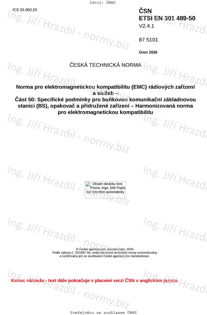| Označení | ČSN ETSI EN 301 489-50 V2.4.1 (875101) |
==
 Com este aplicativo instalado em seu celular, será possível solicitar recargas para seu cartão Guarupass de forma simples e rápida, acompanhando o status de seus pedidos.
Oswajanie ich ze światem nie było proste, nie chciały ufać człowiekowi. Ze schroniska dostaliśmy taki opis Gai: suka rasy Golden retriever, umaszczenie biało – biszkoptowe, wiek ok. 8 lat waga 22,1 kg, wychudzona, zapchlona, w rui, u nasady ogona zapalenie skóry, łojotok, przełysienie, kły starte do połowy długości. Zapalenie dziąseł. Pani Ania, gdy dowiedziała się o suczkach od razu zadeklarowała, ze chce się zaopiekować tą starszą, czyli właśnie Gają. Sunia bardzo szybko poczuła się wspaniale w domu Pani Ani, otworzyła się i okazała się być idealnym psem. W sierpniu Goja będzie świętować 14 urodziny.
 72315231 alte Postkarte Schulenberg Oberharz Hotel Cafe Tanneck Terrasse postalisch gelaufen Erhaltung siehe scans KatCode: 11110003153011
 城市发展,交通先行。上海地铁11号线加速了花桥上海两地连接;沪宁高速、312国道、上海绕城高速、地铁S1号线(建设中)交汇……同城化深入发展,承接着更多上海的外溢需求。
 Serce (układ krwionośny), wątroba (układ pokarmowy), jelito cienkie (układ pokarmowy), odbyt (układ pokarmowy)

## Task objective
From the records above, extract exactly and only the lines that begin at the line with "Com este aplicativo" and stop after the line with "72315231 alte Postkarte".

## Response area
 Com este aplicativo instalado em seu celular, será possível solicitar recargas para seu cartão Guarupass de forma simples e rápida, acompanhando o status de seus pedidos.
Oswajanie ich ze światem nie było proste, nie chciały ufać człowiekowi. Ze schroniska dostaliśmy taki opis Gai: suka rasy Golden retriever, umaszczenie biało – biszkoptowe, wiek ok. 8 lat waga 22,1 kg, wychudzona, zapchlona, w rui, u nasady ogona zapalenie skóry, łojotok, przełysienie, kły starte do połowy długości. Zapalenie dziąseł. Pani Ania, gdy dowiedziała się o suczkach od razu zadeklarowała, ze chce się zaopiekować tą starszą, czyli właśnie Gają. Sunia bardzo szybko poczuła się wspaniale w domu Pani Ani, otworzyła się i okazała się być idealnym psem. W sierpniu Goja będzie świętować 14 urodziny.
 72315231 alte Postkarte Schulenberg Oberharz Hotel Cafe Tanneck Terrasse postalisch gelaufen Erhaltung siehe scans KatCode: 11110003153011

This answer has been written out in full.